## Description of the task
Instruction for the entries below: return the part that opens with the line containing "Galda virsmā iestrādāta" and closes with the line containing "oro giallo 18k, di", exactly, and no pictures.

## Extracted entries
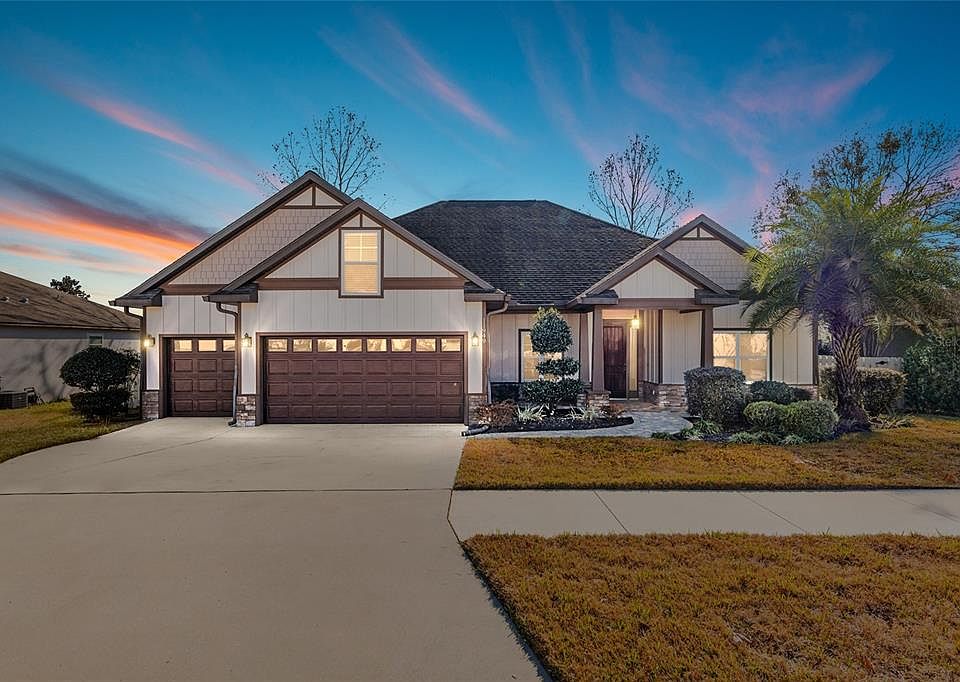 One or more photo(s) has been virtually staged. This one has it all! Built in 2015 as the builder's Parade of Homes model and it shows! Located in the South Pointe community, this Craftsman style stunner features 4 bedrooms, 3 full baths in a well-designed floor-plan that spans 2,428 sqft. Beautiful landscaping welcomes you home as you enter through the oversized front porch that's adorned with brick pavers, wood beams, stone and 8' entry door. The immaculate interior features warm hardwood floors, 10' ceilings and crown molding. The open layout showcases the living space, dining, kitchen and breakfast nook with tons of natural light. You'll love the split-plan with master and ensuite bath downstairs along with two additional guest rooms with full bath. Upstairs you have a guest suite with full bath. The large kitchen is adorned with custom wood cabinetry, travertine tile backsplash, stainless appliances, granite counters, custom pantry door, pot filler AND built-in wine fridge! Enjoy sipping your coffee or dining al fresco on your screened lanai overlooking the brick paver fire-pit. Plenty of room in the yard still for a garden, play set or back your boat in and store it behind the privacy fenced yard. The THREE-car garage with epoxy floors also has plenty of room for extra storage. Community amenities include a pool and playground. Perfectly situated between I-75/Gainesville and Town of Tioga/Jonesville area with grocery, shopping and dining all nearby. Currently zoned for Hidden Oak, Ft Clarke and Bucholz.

---

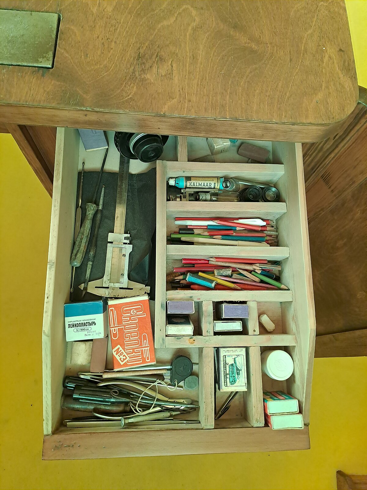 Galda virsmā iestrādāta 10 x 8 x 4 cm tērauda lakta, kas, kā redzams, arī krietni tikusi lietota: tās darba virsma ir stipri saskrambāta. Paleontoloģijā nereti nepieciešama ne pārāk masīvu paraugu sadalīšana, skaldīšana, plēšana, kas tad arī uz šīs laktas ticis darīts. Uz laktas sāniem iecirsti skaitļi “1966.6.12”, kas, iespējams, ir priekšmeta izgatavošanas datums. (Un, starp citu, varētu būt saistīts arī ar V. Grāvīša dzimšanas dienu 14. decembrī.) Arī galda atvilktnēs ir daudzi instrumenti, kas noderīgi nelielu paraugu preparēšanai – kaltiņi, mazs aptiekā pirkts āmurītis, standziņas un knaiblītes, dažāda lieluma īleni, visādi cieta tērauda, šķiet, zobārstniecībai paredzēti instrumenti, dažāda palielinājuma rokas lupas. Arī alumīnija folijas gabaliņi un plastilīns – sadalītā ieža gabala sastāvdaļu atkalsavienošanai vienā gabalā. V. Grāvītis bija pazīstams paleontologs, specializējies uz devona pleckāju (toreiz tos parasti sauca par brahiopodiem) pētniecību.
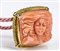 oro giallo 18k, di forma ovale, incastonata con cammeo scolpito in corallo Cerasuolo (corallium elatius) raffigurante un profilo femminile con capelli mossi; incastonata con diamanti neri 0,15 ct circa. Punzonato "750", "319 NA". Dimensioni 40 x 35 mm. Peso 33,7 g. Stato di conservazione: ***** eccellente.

## Your solution
 Galda virsmā iestrādāta 10 x 8 x 4 cm tērauda lakta, kas, kā redzams, arī krietni tikusi lietota: tās darba virsma ir stipri saskrambāta. Paleontoloģijā nereti nepieciešama ne pārāk masīvu paraugu sadalīšana, skaldīšana, plēšana, kas tad arī uz šīs laktas ticis darīts. Uz laktas sāniem iecirsti skaitļi “1966.6.12”, kas, iespējams, ir priekšmeta izgatavošanas datums. (Un, starp citu, varētu būt saistīts arī ar V. Grāvīša dzimšanas dienu 14. decembrī.) Arī galda atvilktnēs ir daudzi instrumenti, kas noderīgi nelielu paraugu preparēšanai – kaltiņi, mazs aptiekā pirkts āmurītis, standziņas un knaiblītes, dažāda lieluma īleni, visādi cieta tērauda, šķiet, zobārstniecībai paredzēti instrumenti, dažāda palielinājuma rokas lupas. Arī alumīnija folijas gabaliņi un plastilīns – sadalītā ieža gabala sastāvdaļu atkalsavienošanai vienā gabalā. V. Grāvītis bija pazīstams paleontologs, specializējies uz devona pleckāju (toreiz tos parasti sauca par brahiopodiem) pētniecību.
 oro giallo 18k, di forma ovale, incastonata con cammeo scolpito in corallo Cerasuolo (corallium elatius) raffigurante un profilo femminile con capelli mossi; incastonata con diamanti neri 0,15 ct circa. Punzonato "750", "319 NA". Dimensioni 40 x 35 mm. Peso 33,7 g. Stato di conservazione: ***** eccellente.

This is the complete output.